G.O.P., Once Unified Against Obama, Struggles for Consensus Under Trump
By JEREMY W. PETERSMARCH 26, 2017
WASHINGTON Whenever a major conservative plan in Washington has collapsed, blame has usually been fairly easy to pin on the Republican hard-liners who insist on purity over practicality.
But as Republicans sifted through the detritus of their failed effort to replace the Affordable Care Act, they were finding fault almost everywhere they looked.
President Trump, posting on Twitter on Sunday, saw multiple culprits, including the renegade group of small-government conservatives in the House Freedom Caucus and outside groups like the Club for Growth. Those groups, which do not always work placidly together, had aligned against the president and Speaker Paul D. Ryan, the ultimate symbol of their dismay with the entrenched ways of the capital. At the same time, some saw the president as pointing a finger at Mr. Ryan when Mr. Trump urged his Twitter followers on Saturday to tune in to a Fox News host, Jeanine Pirro, who went on to call for Mr.

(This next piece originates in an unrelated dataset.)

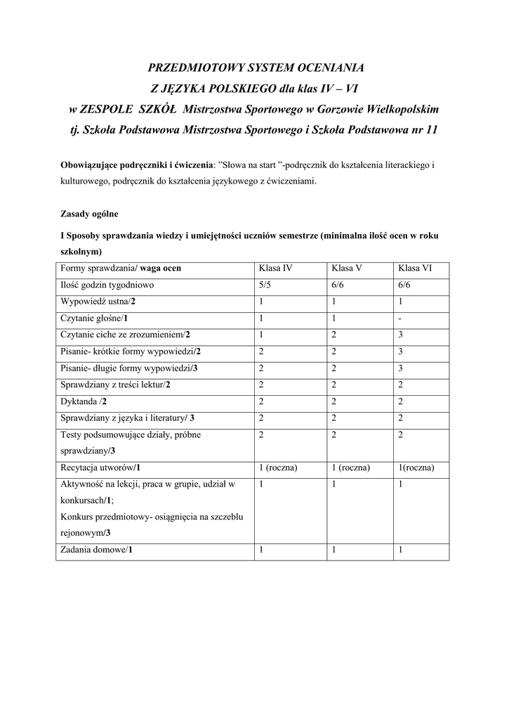 PRZEDMIOTOWY SYSTEM OCENIANIA Z JĘZYKA POLSKIEGO dla klas IV – VI w ZESPOLE SZKÓŁ Mistrzostwa Sportowego w Gorzowie Wielkopolskim tj. Szkoła Podstawowa Mistrzostwa Sportowego i Szkoła Podstawowa nr 11 Obowiązujące podręczniki i ćwiczenia: ”Słowa na start ”-podręcznik do kształcenia literackiego i kulturowego, podręcznik do kształcenia językowego z ćwiczeniami. Zasady ogólne I Sposoby sprawdzania wiedzy i umiejętności uczniów semestrze (minimalna ilość ocen w roku szkolnym) Formy sprawdzania/ waga ocen Klasa IV Klasa V Klasa VI Ilość godzin tygodniowo 5/5 6/6 6/6 Wypowiedź ustna/2 1 1 1 Czytanie głośne/1 1 1 - Czytanie ciche ze zrozumieniem/2 1 2 3 Pisanie- krótkie formy wypowiedzi/2 2 2 3 Pisanie- długie formy wypowiedzi/3 2 2 3 Sprawdziany z treści lektur/2 2 2 2 Dyktanda /2 2 2 2 Sprawdziany z języka i literatury/ 3 2 2 2 Testy podsumowujące działy, próbne 2 2 2 Recytacja utworów/1 1 (roczna) 1 (roczna) 1(roczna) Aktywność na lekcji, praca w grupie, udział w 1 1 1 1 1 1 sprawdziany/3 konkursach/1; Konkurs przedmiotowy- osiągnięcia na szczeblu rejonowym/3 Zadania domowe/1 Testy, sprawdziany, prace klasowe oceniane są według SSO: 1) 100%- 96% punktów możliwych do uzyskania - celujący 2) 95% - 87% - bardzo dobry 3) 86% - 75% - dobry 4) 74% - 56% - dostateczny 5) 55% - 40% - dopuszczający 6) 39% - 0% - niedostateczny Uczniowie otrzymują także „plusy” i „minusy”. „Minus” uczeń może otrzymać za: - brak zadania domowego, brak podręczników, zeszytu, nieprzyniesienie potrzebnych materiałów, niewywiązywanie się z zadań wykonywanych w grupie, brak, niekompletność (tematów, notatek, zadań domowych) w zeszycie przedmiotowym. Trzy „minusy” równe są ocenie niedostatecznej. „Minusy” nauczyciel odnotowuje w dzienniku. „Plus” uczeń może otrzymać za: - nieskomplikowane, krótkie zadania domowe, - przyniesienie dodatkowych materiałów wykorzystanych podczas lekcji, - dobre wywiązanie się z zadań realizowanych w grupie. Pięć „plusów” równa się ocenie bardzo dobrej. „Plusy” nauczyciel odnotowuje w dzienniku. II Uczniowie z dostosowaniem wymagań edukacyjnych i stwierdzoną dysleksją rozwojową Nauczyciel jest zobowiązany dostosować wymagania edukacyjne do indywidualnych potrzeb ucznia, u którego stwierdzono zaburzenia i specyficzne trudności w uczeniu się, zgodnie z zaleceniami Poradni Psychologiczno- Pedagogicznej. W stosunku do uczniów z dostosowaniem wymagań edukacyjnych (stwierdzone i zapisane w opinii wydanej przez poradnię psychologiczno-pedagogiczną) ogólnie stosowane są następujące ułatwienia: - większa tolerancja błędów ortograficznych i interpunkcyjnych przy ocenianiu ćwiczeń redakcyjnych, - możliwość poprawy dyktanda na ocenę dopuszczającą (bezbłędne przepisanie tekstu dyktanda z uwzględnieniem poprawek naniesionych przez nauczyciela). Ponadto nauczyciel uwzględnia przy ocenianiu uczniów indywidualne wytyczne zapisane w poszczególnych opiniach (np. wolne tempo pracy – więcej czasu na sprawdzianach). Umowa: nauczyciel – uczeń I Zasady i kryteria oceniania osiągnięć edukacyjnych 1.Uczeń ma obowiązek prowadzić zeszyt przedmiotowy, posiadać podręcznik i ćwiczenia, przynosić je na każdą lekcję. 2. Uczeń może być nieprzygotowany do lekcji dwa razy w semestrze, przy czym nieprzygotowanie zgłasza przed lekcją. W przypadku niezgłoszenia lub kolejnego nieprzygotowania, otrzymuje ocenę niedostateczną. Nie może zgłaszać nieprzygotowania, jeśli dotyczy to lekcji powtórzeniowych sprawdzianów, prac klasowych, które zostały wcześniej zapowiedziane. Wyjątek stanowią uczniowie, którzy w tych dniach maja obecność usprawiedliwioną. 3.Sprawdziany są obowiązkowe i poprzedzone tygodniową zapowiedzią. Jeżeli z przyczyn losowych uczeń nie może ich napisać z całą klasą, powinien to uczynić w terminie / do 30 dni od daty ocenienia i tylko jednorazowo. 4. Jeżeli uczeń ze sprawdzianu otrzymał ocenę niedostateczną, ma możliwość dokonania jednorazowej poprawy. Obie oceny są wpisane do dziennika z tą samą wagą i brane pod uwagę przy wystawianiu oceny śródrocznej i rocznej. 5.Uczeń, który opuścił lekcję bez usprawiedliwienia, podczas której odbył się sprawdzian, praca klasowa lub test, otrzymuje ocenę niedostateczną. 6. Uczeń, ma obowiązek zaliczyć wszystkie sprawdziany zaplanowane w danym semestrze. Nie przewiduje się dodatkowego zaliczania materiału, wyjątek stanowią przyczyny losowe. 7.Jeśli uczeń nie odda w terminie wypracowania, otrzymuje ocenę niedostateczną wpisaną do dziennika ołówkiem. Zobowiązany jest nadrobić zaległości i oddać pracę pisemną na następnej lekcji. Uczeń jest zobowiązany do rzetelnej poprawy wszelkich prac pisemnych, zgodnie ze wskazówkami nauczyciela. 8. Omówione i poprawione prace pisane przez uczniów pozostają w pracowni polonistycznej. 9. Kartkówki, obejmujące trzy ostatnie tematy, nie będą zapowiadane. 10.Obowiązkiem ucznia, który nie uczęszczał na lekcje jest uzupełnienie notatek i zadań Wszelkie braki i zaległości w ocenach na koniec semestru(roku) są traktowane przez nauczyciela jako oceny niedostateczne. 11.Każdy uczeń ma prawo do zdobycia dodatkowych ocen za prace nadobowiązkowe zlecone przez nauczyciela, bądź podjęte z własnej inicjatywy. 12. Uczeń, który ma szansę uzyskać na semestr czy koniec roku oceny celującej, powinien potwierdzić swój wysoki poziom wiedzy i umiejętności poprzez udział i osiąganie zadawalających wyników w konkursach(turniejach, przeglądach itp.) różnego szczebla. 13.Ocena semestralna i roczna nie jest średnią arytmetyczną ocen cząstkowych. Na ocenę końcową większy wpływ mają oceny cząstkowe z prac klasowych, testów i sprawdzianów obejmujących większą partię materiału, oceny z dyktand, odpowiedzi, kartkówek, wypracowań redagowanych na lekcji, czytania cichego ze zrozu

Ryans resignation.
For eight years, those divisions were often masked by Republicans shared antipathy toward President Barack Obama. Now, as the party struggles to adjust to the post-Obama political order, it is facing a nagging question: How do you hold together when the man who unified you in opposition is no longer around?
Mr. Obama provided conservatives with not just a health law to loathe and a veto pen to blame, but also a visage that allowed their opposition to be more palpable.